Essentially, the plot every week went something like this: There would be a really evil person. This evil person would have very predictable patterns of behavior. Because the behavior was predictable, the Impossible Mission Force could devise a plan to use that predictability against the evil person. The evil person would naturally fall into the trap set up by the Impossible Mission Force, because the person’s predictable behavior would automatically lead them into it.
Every week, I would yell at the evil guy in the TV to stop and do something different for a change. I would try to tell him to quit being predictable and to break out of his routine. Yelling at the TV didn’t do much good. The evil person would remain predictable and the Impossible Mission Force would accomplish their mission.
The problem with being too predictable is that—-just like in Mission: Impossible-—people can use that against you. For example, I one time had a job developing the advertising strategy for a retailer. I soon discovered that most retailers are very predictable in their advertising. They tend to advertise the same items in the same way during the same exact weeks of each year.
Therefore, I mocked up an annual calendar which predicted what I thought each major competitor would do in their advertising on each week. Then I called together the top merchandising management and said, “Assuming that this is what the competition is going to do next year, what is the best counter-strategy for us?” It led to some lively discussions and some big changes to our own advertising calendar.
For example, most of the competitors had their biggest Christmas toy sale on a particular week. We decided to go out one week before that in order to capture the demand first, as well as to avoid the risk of them having lower advertised prices on the same items we advertised on the same week. Similarly, there were other times when everyone else was moving in one direction, and we moved in a different direction, to avoid dilution of demand among too many stores at the same time and to avoid the risk of pricing the same item too high in the same week.
At the end of the process we had a program that optimized our position relative to the competition—all because they were too predictable. I could not have been as successful had the competition been less predictable.
Strategies are developed to help you find the proper direction for your business. The goal is to consistently move your business in the direction of your strategy. However, there is a difference between being consistent and being predictable. Being consistent means that you are not wasting effort, because all of your actions are efficiently moving your firm in the same general direction.
Being predictable, however, means that the enemy will know exactly which path you are on, so that they can ambush you. The evil people on Mission: Impossible would always get caught, because they did not deviate from their predictability. The same can happen to your business if you become too predictable. This is not to imply that your actions should be random.
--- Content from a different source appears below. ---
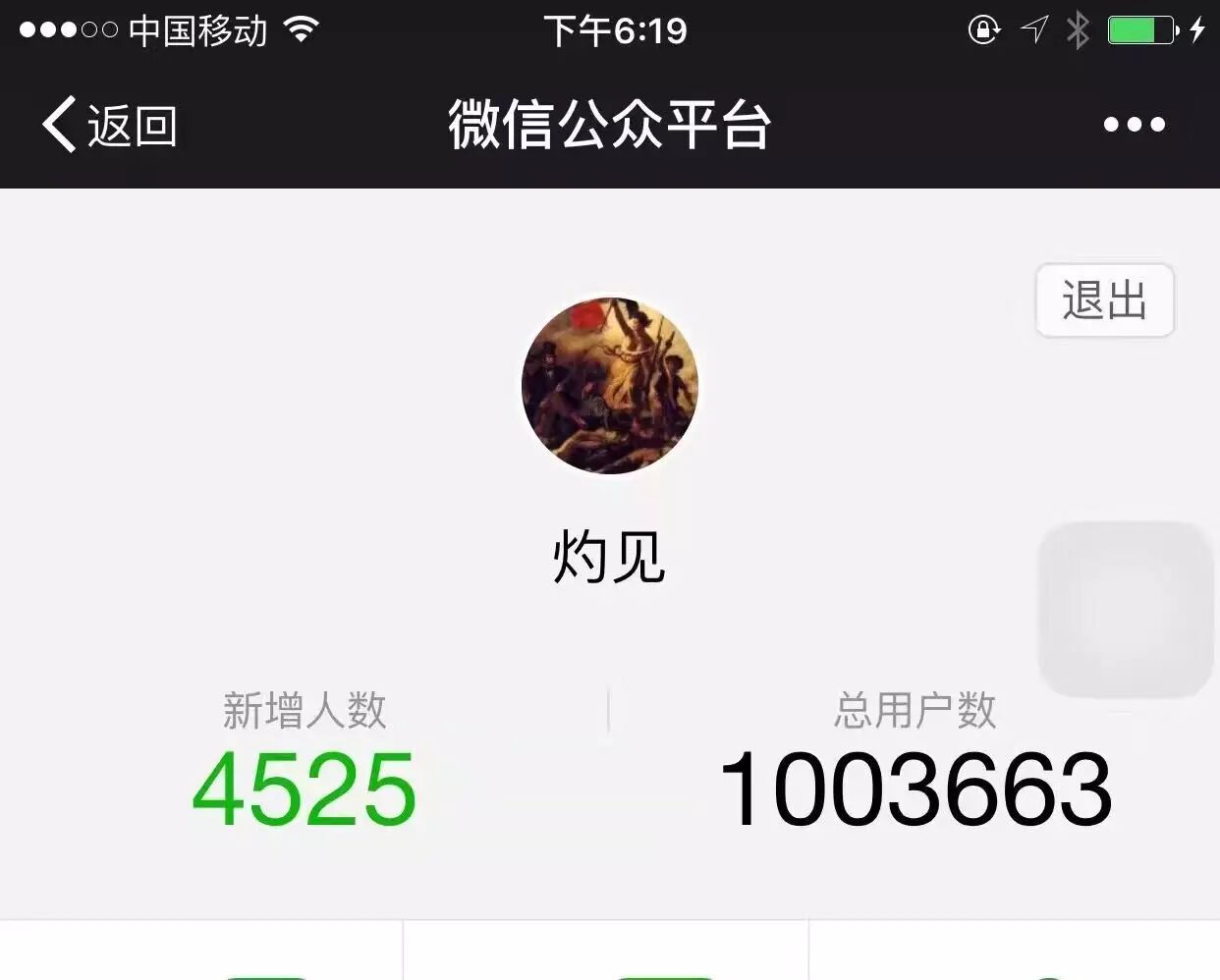 新榜讯 昨天,据公众号“灼见”的运营者张鄂介绍,“灼见”粉丝已突破100万。这个讲新知识青年故事的公众号创建于2014年3月14日,运营一年后吸粉30万。

Consistency is still important.
You don’t want to mix it up so much that people are confused about what you stand for, either. It is hard enough trying to develop a strong position in the minds of the customer even when your message is clear and consistent.
However, without a little variety in your actions, you can become dull and uninteresting to your customers. Worse yet, you can lose your edge and become vulnerable to effective attack from your competition.
In the Art of War, by Sun Tzu, he refers to this principle using the terms Cheng and Ch’i. Cheng activities tend to be orthodox, expected and predictable. Ch’i activities tend to be unorthodox, unexpected and unpredictable. Sun Tzu believed that to be effective in war, one must continually alternate between the Cheng (orthodox) and the Ch’i (unorthodox).
If all you do is the predictable (the Cheng), then the enemy can prepare and counteract it. If all you do in the unpredictable (the Ch’i), then your unpredictability in fact becomes predictable and the enemy can prepare for it and counteract it. Therefore you need random alternating approaches between the two—enough Cheng so that you get people thinking about you in a particular way and enough Ch’i so that you can take advantage of hitting them in area where they are not prepared.
According to Sun Tzu, you engage with Cheng, but win with Ch’i.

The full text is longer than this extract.